On March 22, 1971, the Allman Brothers Band and some members of their road crew found themselves on the wrong side of the law, arrested on drug possession charges in rural Alabama.

Since forming in 1969, guitarist Duane Allman, singer and keyboardist Gregg Allman, guitarist Dickey Betts, bassist Berry Oakley and drummers Jaimoe Johanson and Butch Trucks had taken rock 'n' roll to genre-fusing places it had never seen and helped birth southern rock along the way. Their first two studio LPs were critical hits and steadily gaining favor with fans too. Their classic live album, At Fillmore East, would cement their legend by 1971.

That LP captured two shows – March 12 and 13, 1971 – during the sextet’s three-night stand at Bill Graham's venerated New York venue, and a shoot was promptly scheduled with photographer Jim Marshall, who snapped pictures not only of the musicians, but also of their roadies. The results can be seen on the iconic album cover, which reflected the Allmans’ blue-collar camaraderie with their road crew.

Good thing, because they would all be spending some time in tight quarters not long after they’d flown down south again, bound for concert dates in New Orleans and the Alabama cities of Montevallo and Tuscaloosa. But on March 22, a police officer sitting inside a Jackson, Ala., truck stop watched the long-haired band and crew casually saunter in. It didn't take long for trouble to start.

As related by writer Scott Freeman in his book Midnight Riders, "His instincts were good; the guys were a walking drugstore. They were charged with possession of heroin, marijuana and phencyclidine, the animal tranquilizer better known as PCP. Duane, Gregg, Jaimoe, Dickey, Butch, Berry [and roadies] Willie Perkins, Joe Dan Petty and David "Tuffy" Philips were all arrested and charged with possession." Even worse, Freeman contended, "Gregg had paranoid fear of jail cells and went crazy, climbing the bars and screaming before Duane made him shut up."

Even though they ultimately spent just one night in the slammer before being released the following morning after posting bonds of $2,000 each, the gang would be facing years in prison if narcotics convictions were handed down. A plea bargain was eventually reached, allowing most of those involved to plead guilty to disturbing the peace, pay a little more than $4,000 in fines and court costs and put the troubling episode behind them. Or, as Gregg put it succinctly in his autobiography, My Cross to Bear, “At one point, we [just] stopped playing in Alabama.”

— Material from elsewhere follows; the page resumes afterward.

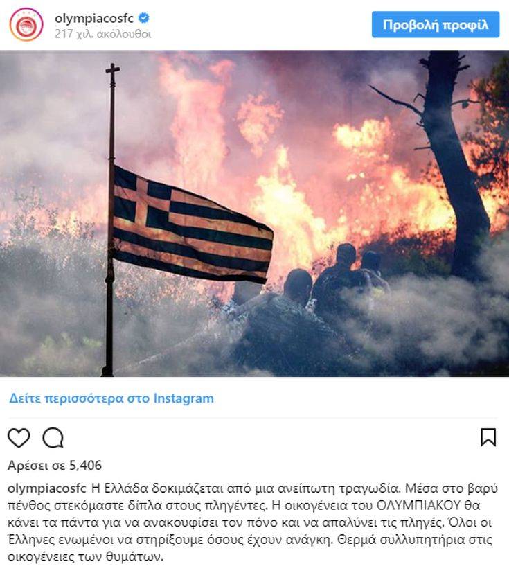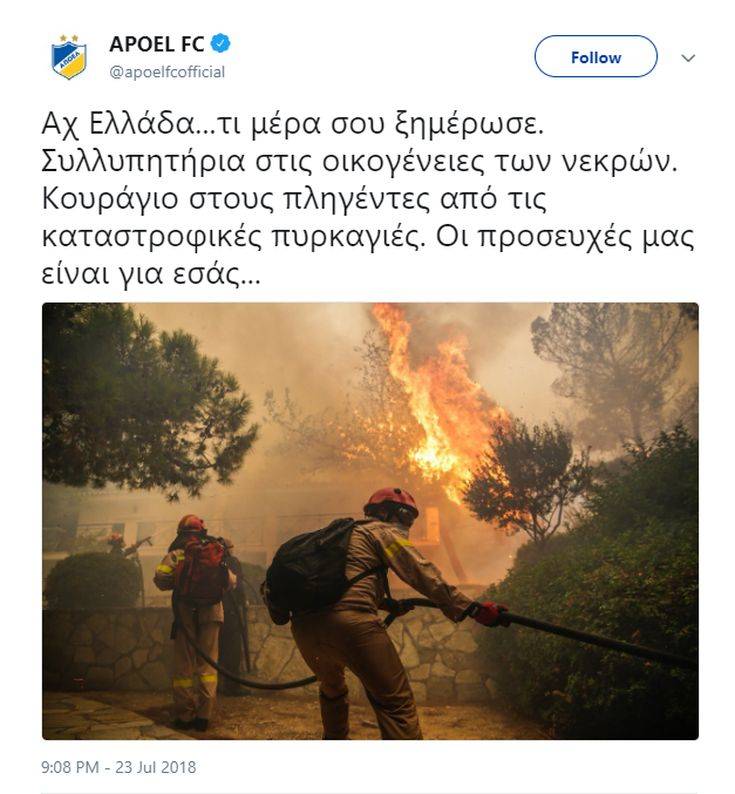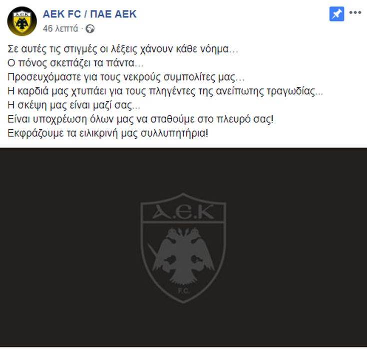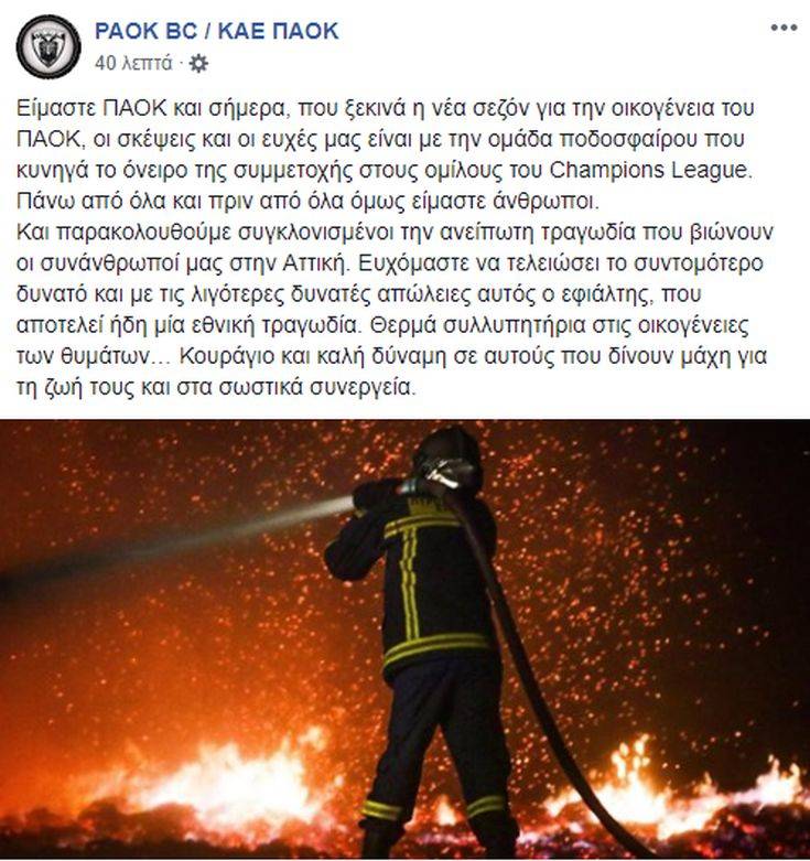 Ο αθλητικός κόσμος της χώρας εξέφρασε την οδύνη του για τις ανθρώπινες απώλειες και τις καταστροφικές ζημιές που προκάλεσαν οι πυρκαγιές στην Αττική με μηνύματα στα social media. Η ΑΕΚ με ανάρτηση στα μέσα κοινωνικής δικτύωσης εκφράζει τα ειλικρινή της συλλυπητήρια για τα θύματα των φονικών πυρκαγιών τονίζοντας πως είναι υποχρέωση όλων να σταθούν στο πλευρό τους. Αναλυτικά η ανάρτηση της ΑΕΚ:

Unfortunately, more trouble lay ahead for the Allman Brothers Band in 1971, which spent much of the next six months away from their Macon, Ga., home, touring intensively. In August, sax legend King Curtis -- a close friend of Duane's, thanks to countless shared studio sessions at Muscle Shoals -- was stabbed to death in New York City, leaving the Allmans' leader grieving. A month later, former roadie Twiggs Lyndon was tried for the murder of a club owner in Buffalo and got off with a six-month stint in the mental hospital on an insanity plea.

But the ultimate tragedy came in October, when Duane was killed in a motorcycle accident in Macon, which altered the band’s course and the deep brotherhood they had established among themselves and with their crew.